Issues with network volume access
It seems like there is a latency in accessing files from serverless workers.
Error on the worker:
2024-10-22T18:36:15.970116008Z CompletedProcess(args=['python3', '/runpod-volume/script3.py', 'xx', 'xx-xx'], returncode=1, stdout='File /runpod-volume/xx/xx/file.txt not found after 15 seconds. Exiting.\n', stderr='')
root@9bd985fc78bf:/workspace/xx/xx# ls -ltr
total 45
-rwxrwxrwx 1 root root 46062 Oct 22 18:35 file.txt
Not sure why the pod was unable to find it. Started happening last night pacific time.
DC: EU-RO-1
11 Replies
Anyone?
Still no update on this one?
What's your code like?
Is your endpoint using the network volume?
Does this happen rarely or all the time?
Yes, my endpoint uses network volume but I have since switched to syncing data from S3 to local filesystem. It was working good until 2 days ago. Facing a new issue now with a job getting retried while executing. Seems like a new issue? I use https://api.runpod.ai/v2/tbkwpbgdwzm1z3/run to execute my job. Is there any way to get around the bug?
also, I see that the same worker is being used for 2 jobs while the first one is being executed, thereby causing a delay to the second one. These are all new findings. Earlier, the job used to be delayed until the the worker completed its current request.
@flash-singh @yhlong00000
very erratic behavior now, please look into it at the earliest. I have 3 endpoints with about 250 workers and the performance has been nothing short of horrible for the last 3 days
@prongs
Escalated To Zendesk
The thread has been escalated to Zendesk!
I guess this is possible because a bug in the new sdk
Will take a look and let you know
Thank you. Please let me know if you were able to check.
I have downgraded to 1.6.2 and retrying
I can only see two endpoints on your account. For the first one (tbkwpbgdwzm1z3), you are using SDK 1.7.3—let’s see if downgrading helps improve the situation.

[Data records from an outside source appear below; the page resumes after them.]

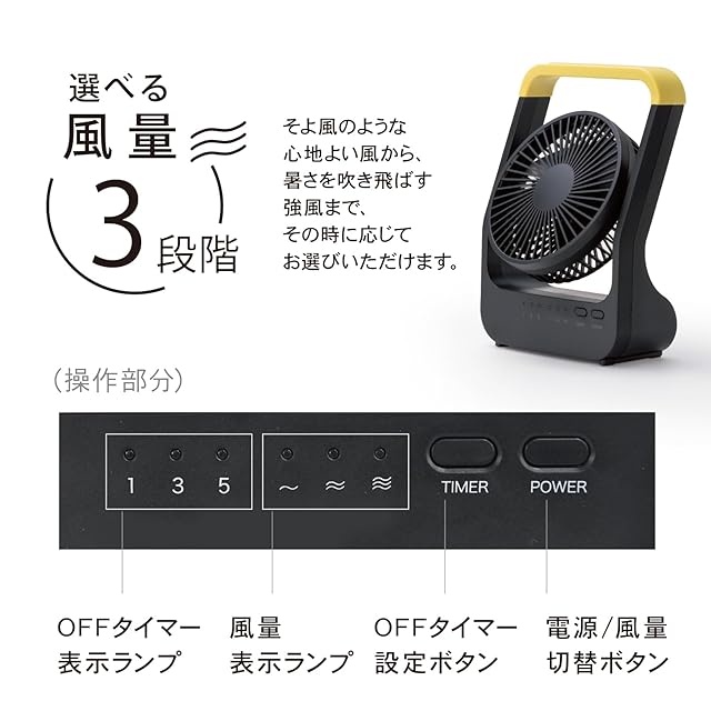 【風量3段階調節】弱・中・強の3段階で設定可能で、お好みに合わせて調節できます。又、羽根径12㎝・羽根枚数4枚で力強い風量を実現しておりますので、満足度の高い清涼感です。
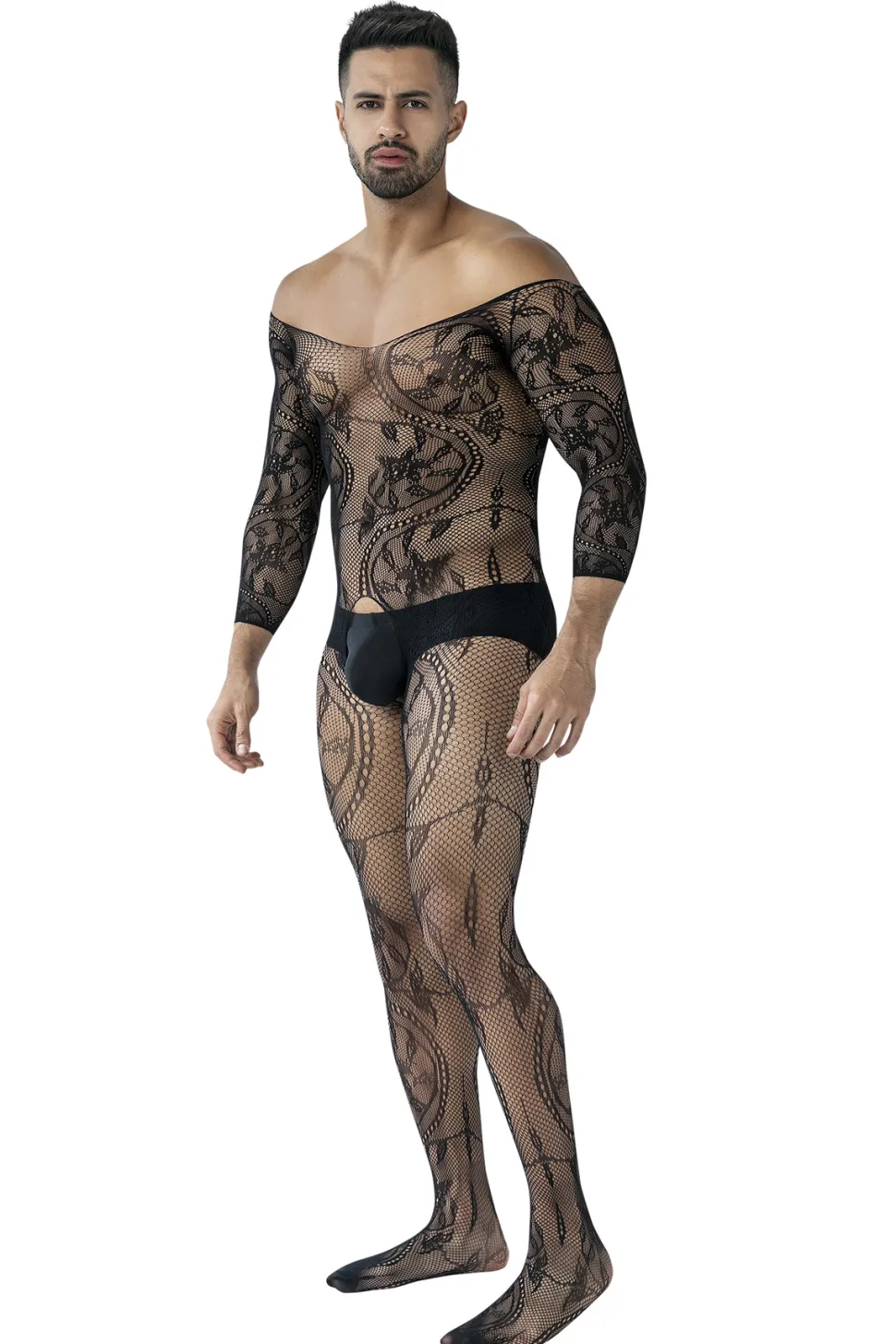 Bodystocking aus dehnabrem Netzmaterial, im Schritt offen. Kommt ohne Slip!
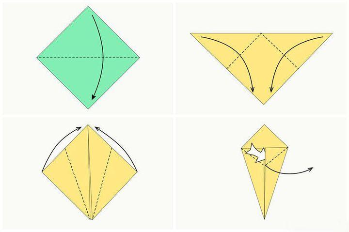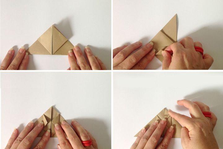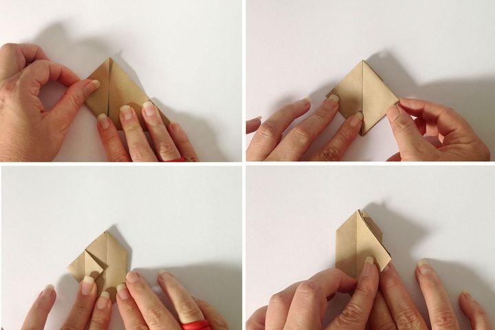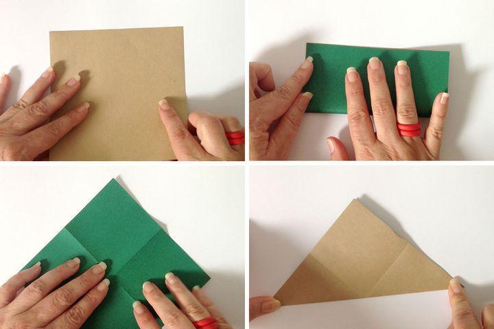 - Сложите заготовку противоположными углами пополам, так чтобы получился треугольник.

For the second one (vrk03g7imxvx90), there are multiple errors related to the SFTP transfer for script3.py. let me know if you need more info.
Do you still see 1.7.3 being used for tbkwp*? I downgraded to 1.6.2 about an hour ago. Seeing better results. Monitoring.
nope, I see it change to 1.6.2
looking good so far, increasing workers now. Will monitor.